→ Your instructions
Beginning with the first line below, retype exactly each line through the one containing "Packung 5 Diamanten". Leave out all pictures.

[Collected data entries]
Segment Open
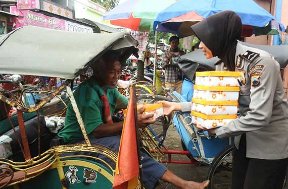 Seorang Abang becak asal Gaum, Sumidi mengaku terkesan dengan pemberian nasi kotak Sat Binmas. Meski sudah menyantap sarapan pagi, namun ia tak menolak pemberian dari Polres Karanganyar itu. ”Tiap hari sarapan. Nasi kotak ini buat nanti makan siang. Lumayan bisa ngirit,” katanya.
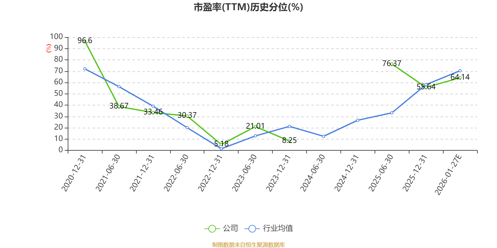 以本次披露业绩预告均值计算,公司近年市盈率(TTM)图如下所示:
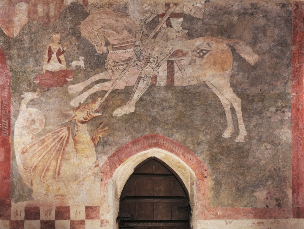 (Medieval wall painting of St George and the Dragon, 1410/1470, St Lawrence, Broughton, Buckinghamshire)
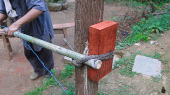 接着,把木塊綁到樹上按照尺寸開鋸:
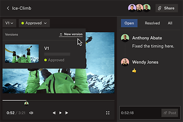 動画制作のプロジェクトの進捗を管理する機能も備える。プロジェクトフォルダで目的のファイルをすぐに見つけることができ、Replayのリンクを関係者に共有して承認を求めることができる。承認を得るために動画を圧縮してメールに添付する手間はない。ステータス設定でレビューが必要か、作業進行中か、承認が済んだかが一目で分かる。過去のバージョンを管理しながら新しいバージョンをアップロードすることができる。
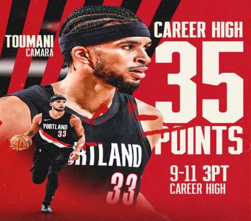 卡馬拉此役狂轟9記三分,得到全場(chǎng)最高的35分,均是創(chuàng)造生涯單場(chǎng)紀(jì)錄,率領(lǐng)開(kāi)拓者輕松大勝籃網(wǎng)。
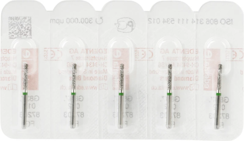 Packung 5 Diamanten grün grob, FG, Figur 111 Zylinder flach, Kopflänge: 8 mm, ISO 012
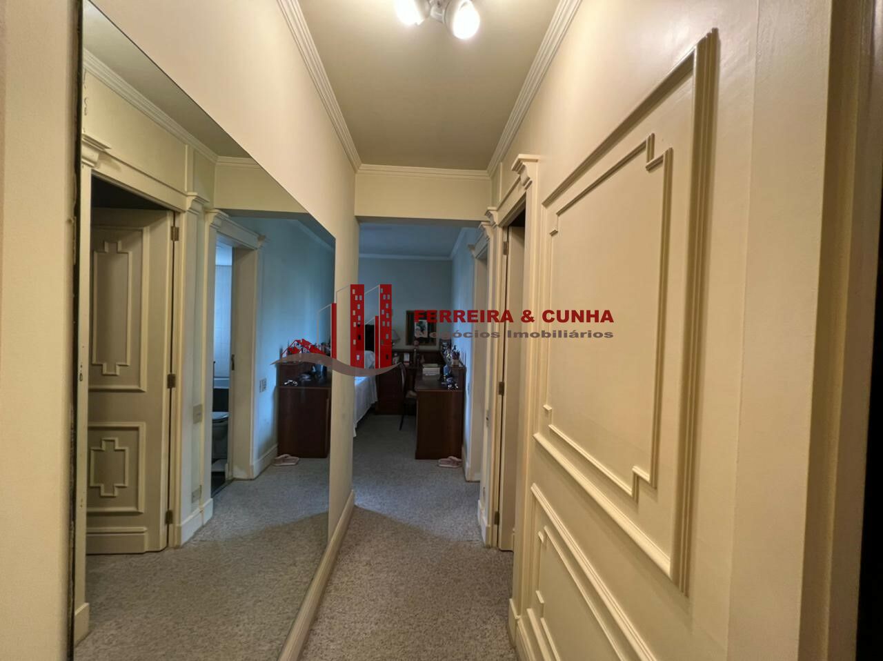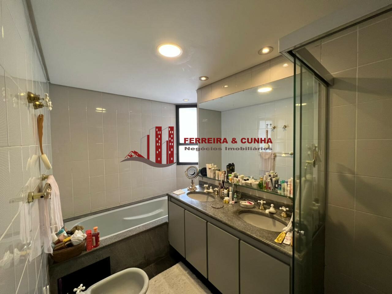 Suíte máster com Home Office embutido, walk in closet (Sr e Sra), ventilador de teto Hunter e ar-condicionado; banheiro com duas pias, ducha, banheira, vaso, bidê e varanda privativa;
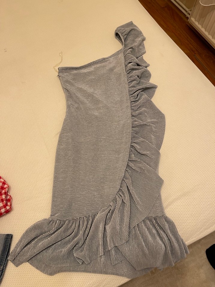 Gri renkte, straplez yakalı ve yan ile etek kısmında fırfır detaylı, uzun ve vücuda oturan bohem ve avangart tarzda elbise.
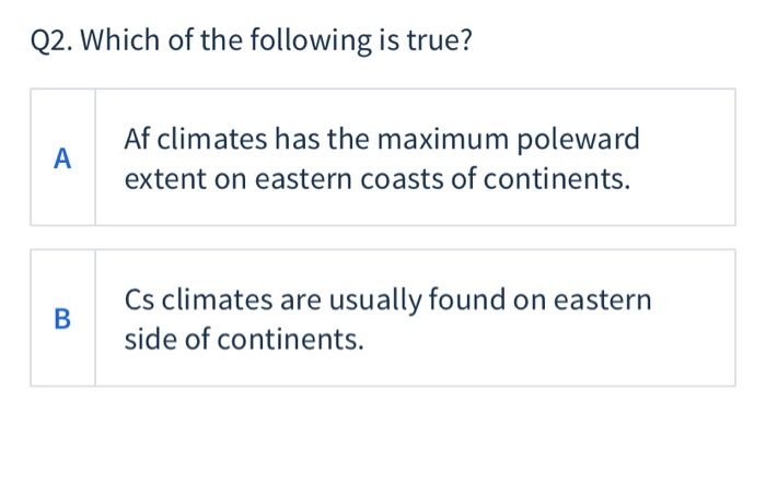 Solved Q2 Which of the following is true? A Af climates has Chegg com
Segment Closed
→ Result for this task
 Seorang Abang becak asal Gaum, Sumidi mengaku terkesan dengan pemberian nasi kotak Sat Binmas. Meski sudah menyantap sarapan pagi, namun ia tak menolak pemberian dari Polres Karanganyar itu. ”Tiap hari sarapan. Nasi kotak ini buat nanti makan siang. Lumayan bisa ngirit,” katanya.
 以本次披露业绩预告均值计算,公司近年市盈率(TTM)图如下所示:
 (Medieval wall painting of St George and the Dragon, 1410/1470, St Lawrence, Broughton, Buckinghamshire)
 接着,把木塊綁到樹上按照尺寸開鋸:
 動画制作のプロジェクトの進捗を管理する機能も備える。プロジェクトフォルダで目的のファイルをすぐに見つけることができ、Replayのリンクを関係者に共有して承認を求めることができる。承認を得るために動画を圧縮してメールに添付する手間はない。ステータス設定でレビューが必要か、作業進行中か、承認が済んだかが一目で分かる。過去のバージョンを管理しながら新しいバージョンをアップロードすることができる。
 卡馬拉此役狂轟9記三分,得到全場(chǎng)最高的35分,均是創(chuàng)造生涯單場(chǎng)紀(jì)錄,率領(lǐng)開(kāi)拓者輕松大勝籃網(wǎng)。
 Packung 5 Diamanten grün grob, FG, Figur 111 Zylinder flach, Kopflänge: 8 mm, ISO 012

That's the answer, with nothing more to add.